Even if the mean field assumption is true for the true posterior, the true posterior may not be in the approximate posterior family Q. For example, Q could be mean-field Gaussian, and P could be mean-field laplace/student-t/etc, or P could be skewed.

In this case, the authors of the paper suggest that P is skewed to the right. You can think of mean field VI wanting to really avoid areas of low density, so the **mean** (not just the variance) getting pushing to the right, causing bias.

Other examples include when the ‘true posterior’ is a mean-field Laplace/student-t distribution (e.g., something with heavy tails). If the family of approximate posteriors if Gaussian (as is commonly the case), I would expect the approximate posterior q to *underestimate* the variance of the parameters - we can never find a q with KL(q||p)=0, and variational inference solutions always tend to be ‘more compact’ than the true posterior due to KL(q||p) integrating over q and having large penalty if p is small and q is large.

You could also imagine fitting a ‘mean-field’ true posterior that is a mixture of Gaussians for each component.

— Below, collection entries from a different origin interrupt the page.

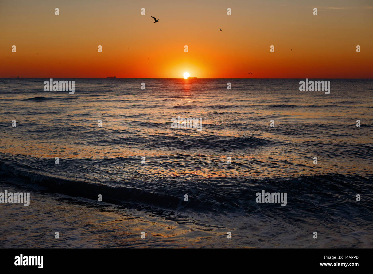 Immagini Stock Bellissima Spiaggia Al Tramonto Con Volare Mare Gabbiano Silhouette Al Mare Strand Helderberg Citta Del Capo Western Cape Sud Africa Image 58288192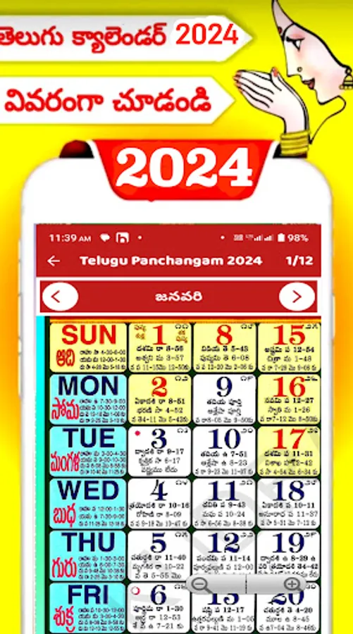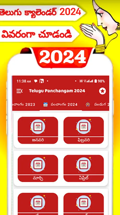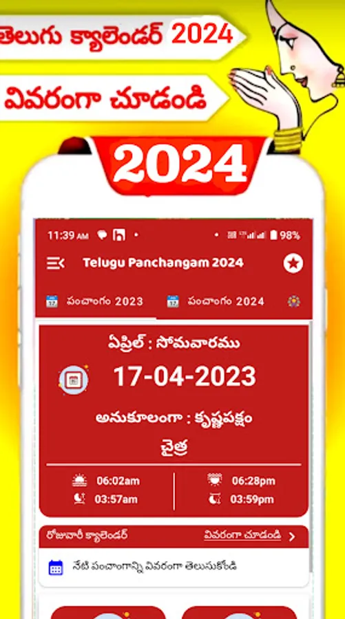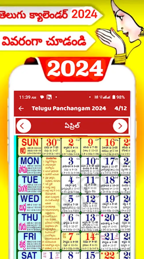 Single app with and 2024 year calendar and panchangam for telugu speaking people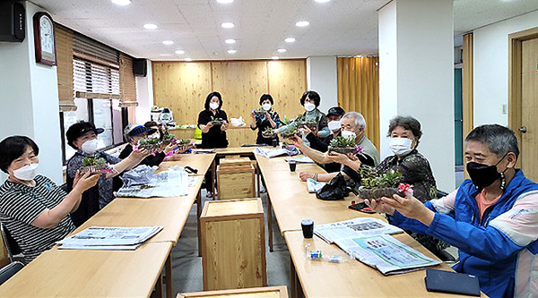 제주시 이도2동 주민센터는 지난 1일 도남1차e-편한세상경로당(회장 임선영)회원 20명을 대상으로 찾아가는 경로당 치매예방관리프로그램 실내정원 가꾸기 활동을 실시했다.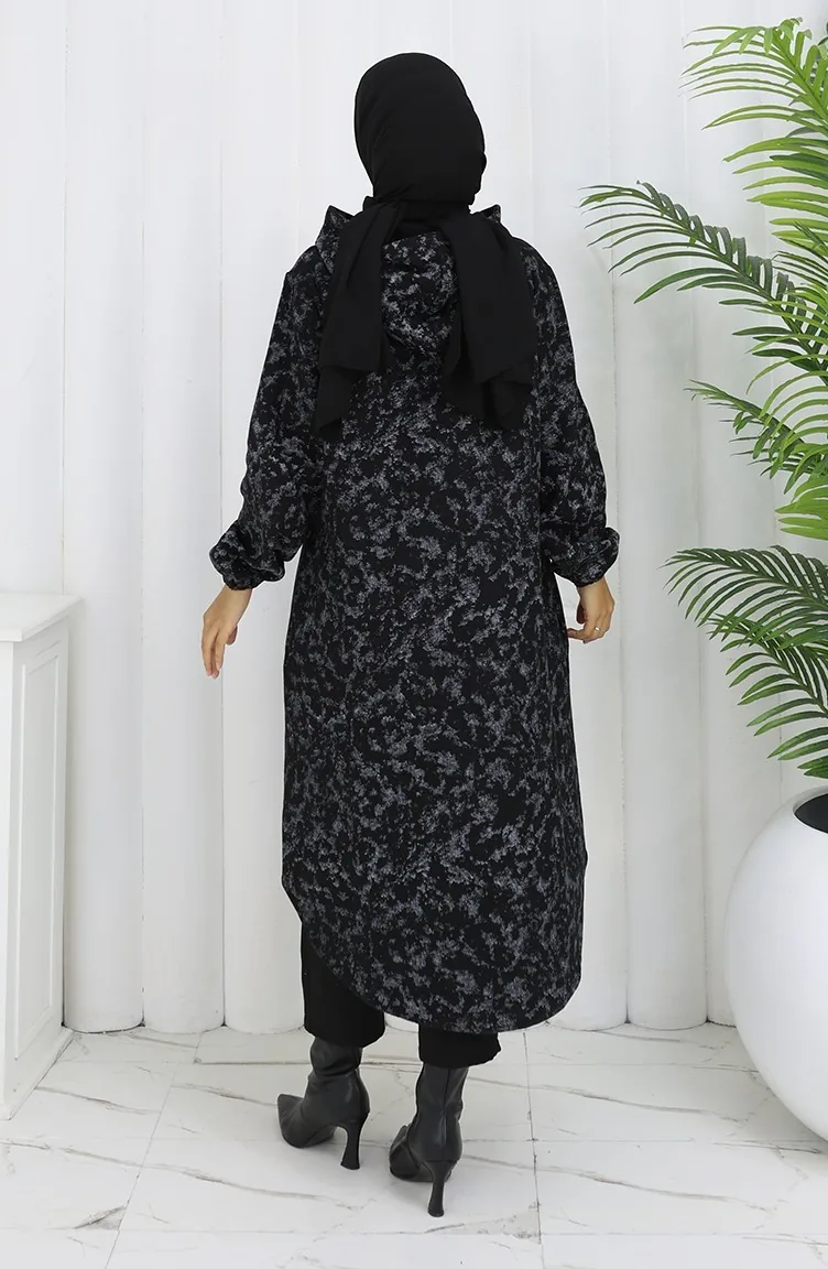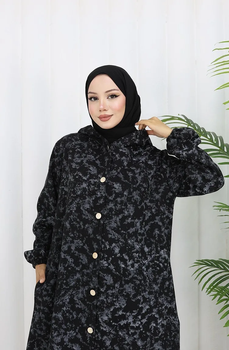 Black color is used. It is cachet fabric, you can use it easily in winter. Designed with patterned fabric. It's made of elastic sleeves. Designed from thick fabric. Plus size option available.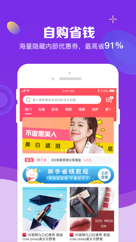 自購省錢:海量隱藏內(nèi)部優(yōu)惠券,最高省91%天天都是雙11:輕松購物,超多特惠,多用多省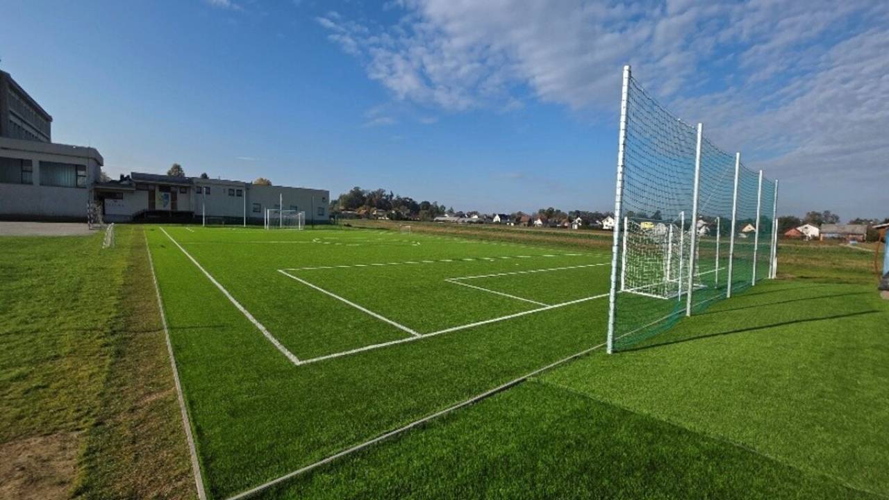 V sklopu investicije je nastalo igrišče z umetno travo, opremljeno z vsemi potrebnimi elementi - goli, mrežami ter označbami na igralni površini. Urejena je bila tudi okolica objekta, kjer je občina položila travno rušo.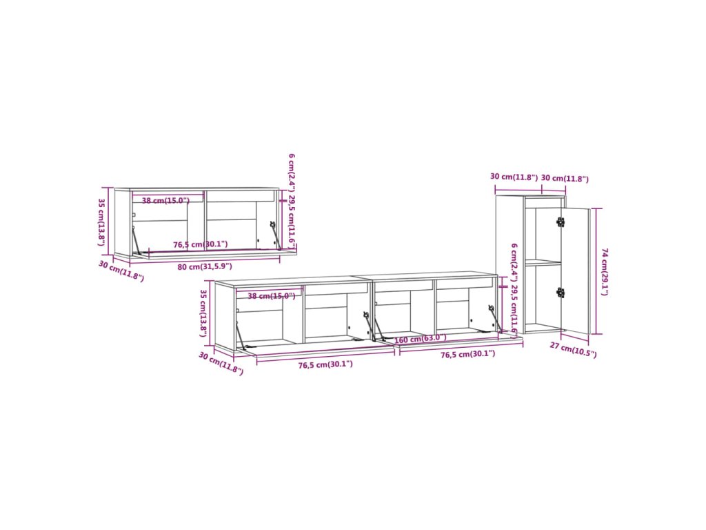 - 3 x TV skrinka: 80 x 30 x 35 cm (Š x H x V)

Then mean field VI would probably ‘select’ a mode for each variable depending on the initialisation, therefore underestimating the posterior variance.

If you wanted to recover the mean and variance correctly, and the mean-field assumption is satisfied, you’d probably be better off using EP (expectation propagation, which moment matches for exponential families), but I don’t know how this works with probabilistic programming languages.